A pochi chilometri dal caseificio, c’è un altro luogo culto di questa valle: “Da Ferdy”. Un agriturismo e molto di più. Ferdy, Ferdinando Quarteroni, può considerarsi il paladino e il custode della storia casearia orobica. Con la moglie Cinzia e i figli Alice e Nicolò, in un luogo paesaggisticamente straordinario, raggiungibile solo da un ponticello, nel 1989 ha avviato la sua azienda per portare avanti una forma di «agricoltura estrema», il cosiddetto “Ferdy wild”, «il nostro modo di vivere la montagna»: tutti i prodotti sono preparati con il latte di animali allevati in azienda, rigorosamente solo capre di razza Orobica e vacche di razza Bruna Alpina che Ferdy direttamente conduce in alpeggio in val d’Inferno. «Gli animali si alimentano solamente a pascolo ed erbe spontanee, sono munti a mano e i formaggi sono prodotti a latte crudo – spiega Nicolò, 27 anni, presentando le chicche della loro produzione –. I nostri vecchi casari, i nonni delle nostre origini, a Ornica, hanno sempre lavorato così. Così vogliamo continuare a lavorare anche noi». Una tradizione che si sposa con il concetto di benessere. Così l’agriturismo riserva bellissime camere, esperienze sportive e naturalistiche, sport equestri, una stupenda cantina, una Spa con trattamenti a base delle materie prime dell’azienda, bagni di siero di latte, oli essenziali, fieno montano e lana della pecora bergamasca. Una tradizione “moderna” che si fa conoscere con il “passaparola-social” e le dirette in streaming dell’“antica” produzione. Francesco Maroni e Nicolò Quarteroni sono l’immagine di una montagna giovane, che punta in alto e guarda lontano.
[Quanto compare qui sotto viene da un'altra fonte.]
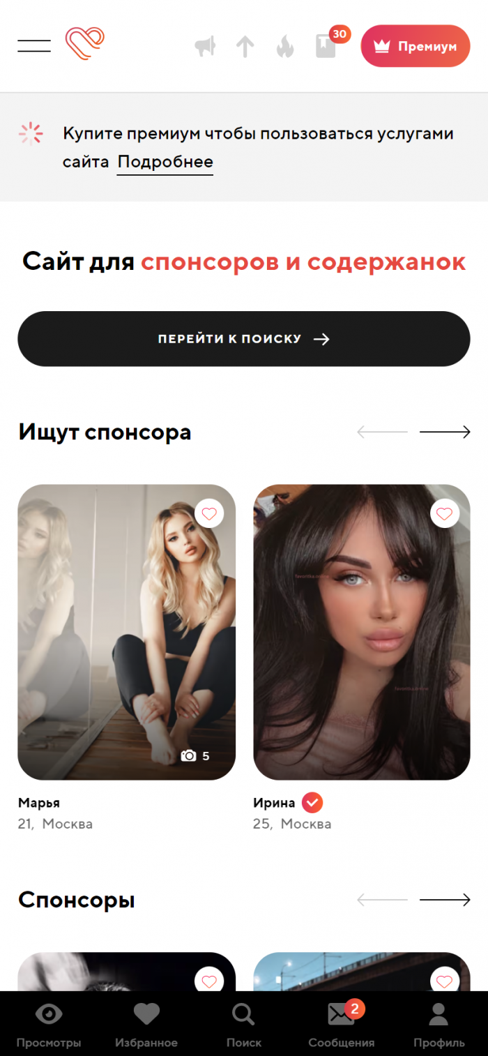 Сайт знакомств Favoritka.Online — сервис, который предлагает пользователю найти спонсора или содержанку. Пользователей можно разделить через параметры поиска на 2 категории: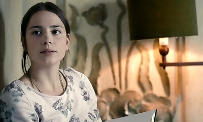 Clemence Poesy lounging on her back in bed as a guy smoochis her

Se lasciando la Val Brembana si percorrono i tornanti che portano su, fino al passo di San Marco, con il suo rifugio fra gli alpeggi, si arriva in Valtellina, a Morbegno, in provincia di Sondrio, a scoprire lo Storico Ribelle, il Bitto storico selezionato nella Casèra di stagionatura di Gerola Alta, divenuto poi presidio Slow Food. L’«eletto», il «mito», nato dalla “guerra del Bitto”, da chi, invece di piegarsi all’agroindustria, dal 1996, lotta per esistere in purezza con un disciplinare rigidissimo rispetto a quello della Dop, contrari all’allargamento dell’area di produzione e alla moltiplicazione dei produttori, all’utilizzo di mangimi e fermenti industriali. «Mettiamo in commercio appena mille forme, siamo dieci produttori che sosteniamo le mani contadine e le produzioni storiche, che difendiamo l’erba delle Orobie – spiega il “ribelle” Paolo Ciapparelli, mostrando gli spazi della nuova sede dello “Storico Ribelle” a palazzo Folcher, a Morbegno –. Dieci anni fa ridevano tutti. Ora non più. Anche la gente vuole un ritorno all’autenticità ». La lotta per il nome è stata lunga e faticosa: «Pensate alla difficoltà di produrre il Bitto, senza poterlo chiamare Bitto». Eppure la sfida è stata vinta. E da tutto il mondo si contendono le mille forme di Storico Ribelle, anche personalizzandole con un proprio stemma, come fosse un gioiello di famiglia. «Un prodotto buono e assolutamente unico».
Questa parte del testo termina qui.